### Exercise objective:
Word for word, copy the records and drop the pictures.

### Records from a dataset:
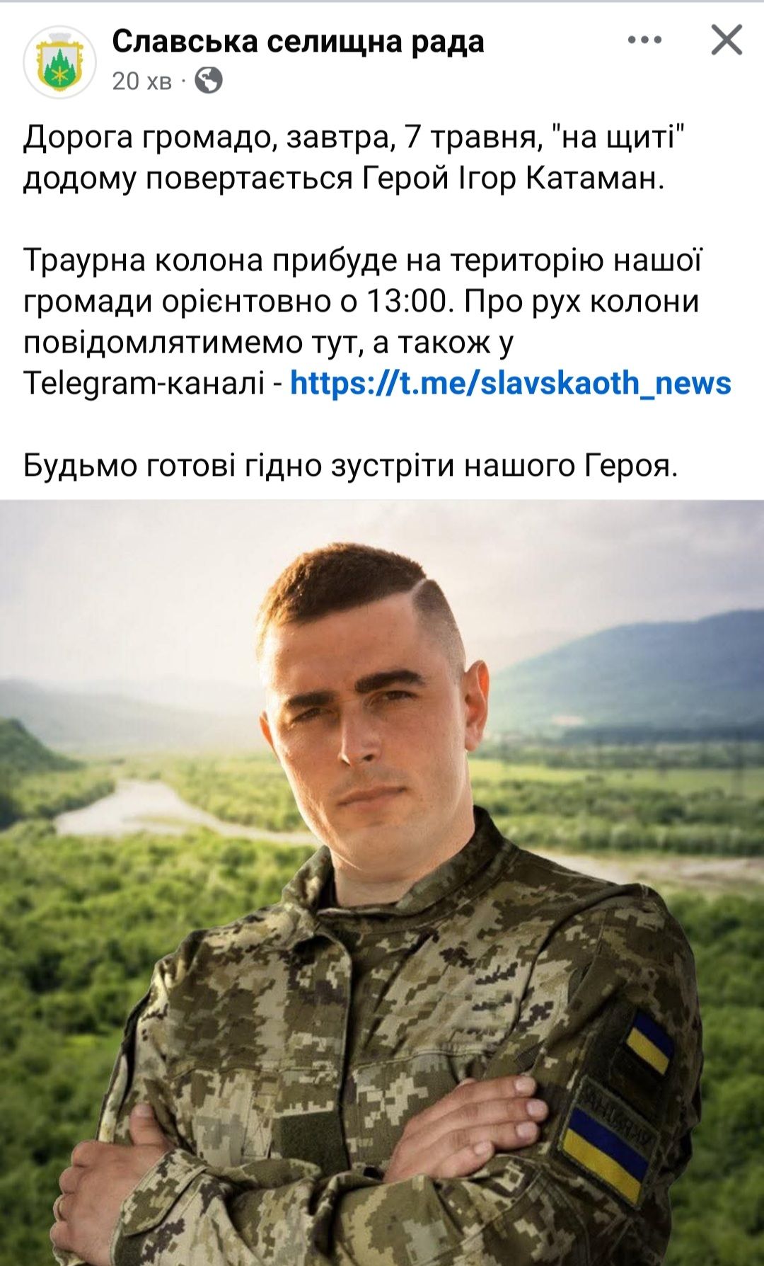 За інформацією Славської селищної ради, завтра, 7 травня, орієнтовно з 12:30 до 13:00 години через Сколівську громаду буде проїжджати траурна колона з Героєм з селища Славсько, Ігорем Катаманом. Просимо мешканців гідно зустріти новітнього Героя вздовж центральних вулиць населених пунктів нашої громади. Слідкуйте за уточненнями щодо маршруту траурної колони.
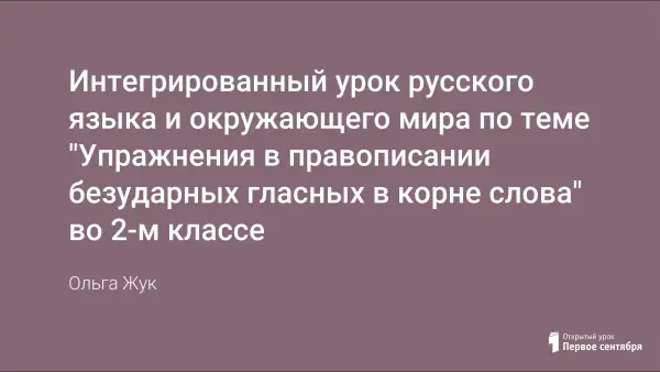 Интегрированный урок русского языка и окружающего мира по теме "Упражнения в правописании безударных гласных в корне слова" во 2-м классе.
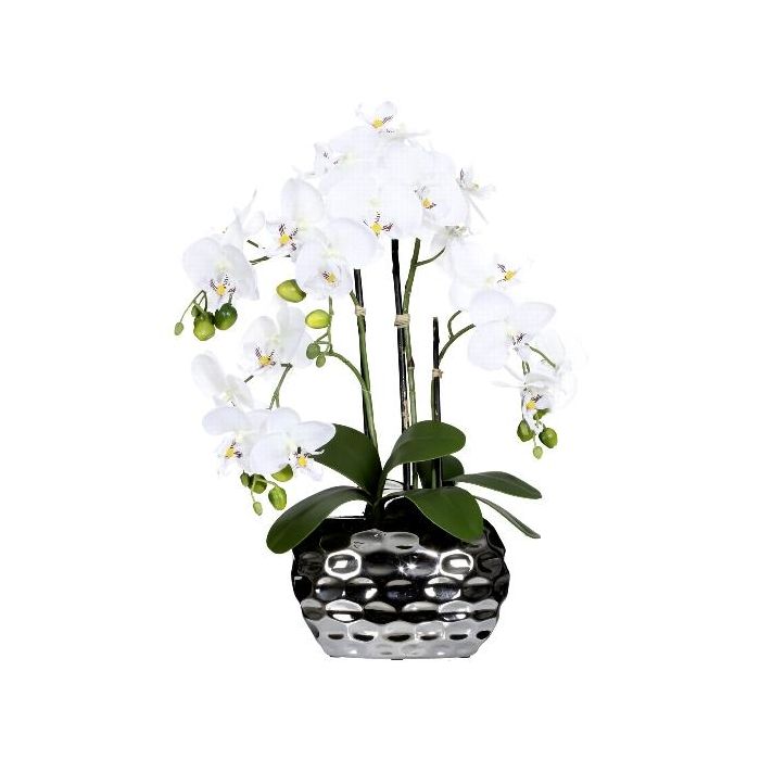 Flor de plástico Phalaenopsis Orquídea SINKA en maceta decorativa plateada, blanca, 55 cm
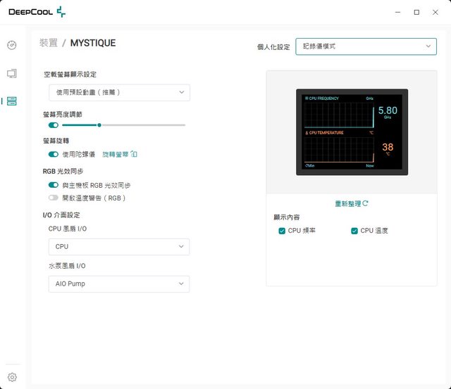 式可自訂顯示JPG或GIF檔案,將ARGB燈光設為螢幕邊緣色彩同步。記錄模式可將CPU頻率
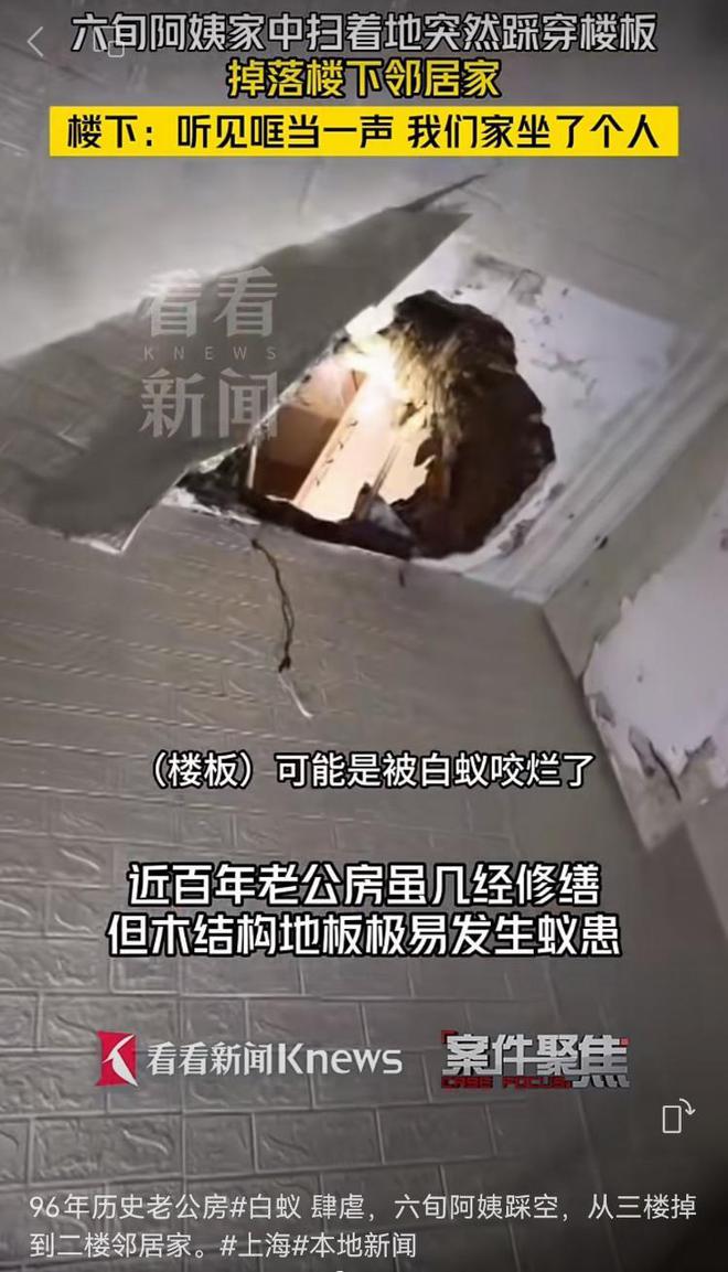 近日,上海万航渡路中行小区62号的陈女士在家中打扫卫生时,竟突然踩穿楼板,掉到楼下邻居家中。事后,中行小区物业经理在采访中表示,楼板断开的主要原因可能是承重梁被白蚂蚁蛀掉了。2月20日,海报新闻记者来到中行小区,有住户反映,为了防范白蚁,每到黄梅天气,自己连门窗都不敢开。
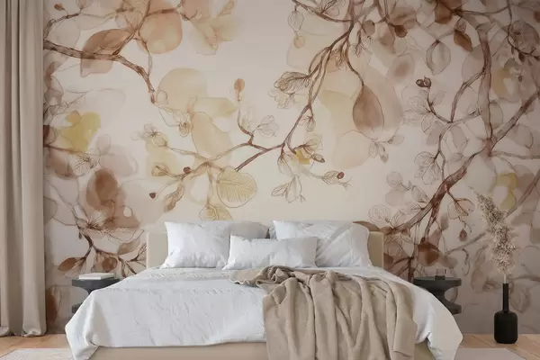Stenske poslikave Zračne viseče veje v bežnih odtenkih v akvarelnem slogu Št. w09795
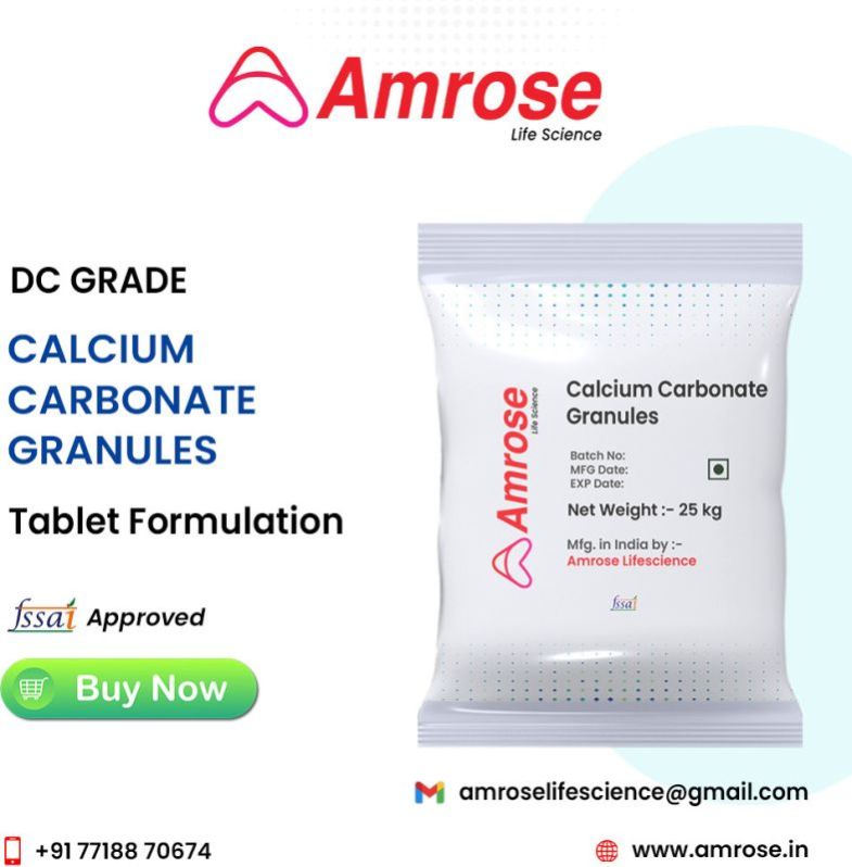 Amrose Lifescience produces a range of products using DC granules, which are designed for direct formulation into tablets and capsules for the pharmaceutical, food, nutraceutical, and veterinary industries. These granules simplify the manufacturing of calcium tablets and capsules by enhancing flowability, minimizing dust and wastage, and reducing production time, labor, machinery, energy, and capital costs. This results in improved overall stability of the final formulation.

### Task output:
 За інформацією Славської селищної ради, завтра, 7 травня, орієнтовно з 12:30 до 13:00 години через Сколівську громаду буде проїжджати траурна колона з Героєм з селища Славсько, Ігорем Катаманом. Просимо мешканців гідно зустріти новітнього Героя вздовж центральних вулиць населених пунктів нашої громади. Слідкуйте за уточненнями щодо маршруту траурної колони.
 Интегрированный урок русского языка и окружающего мира по теме "Упражнения в правописании безударных гласных в корне слова" во 2-м классе.
 Flor de plástico Phalaenopsis Orquídea SINKA en maceta decorativa plateada, blanca, 55 cm
 式可自訂顯示JPG或GIF檔案,將ARGB燈光設為螢幕邊緣色彩同步。記錄模式可將CPU頻率
 近日,上海万航渡路中行小区62号的陈女士在家中打扫卫生时,竟突然踩穿楼板,掉到楼下邻居家中。事后,中行小区物业经理在采访中表示,楼板断开的主要原因可能是承重梁被白蚂蚁蛀掉了。2月20日,海报新闻记者来到中行小区,有住户反映,为了防范白蚁,每到黄梅天气,自己连门窗都不敢开。
Stenske poslikave Zračne viseče veje v bežnih odtenkih v akvarelnem slogu Št. w09795
 Amrose Lifescience produces a range of products using DC granules, which are designed for direct formulation into tablets and capsules for the pharmaceutical, food, nutraceutical, and veterinary industries. These granules simplify the manufacturing of calcium tablets and capsules by enhancing flowability, minimizing dust and wastage, and reducing production time, labor, machinery, energy, and capital costs. This results in improved overall stability of the final formulation.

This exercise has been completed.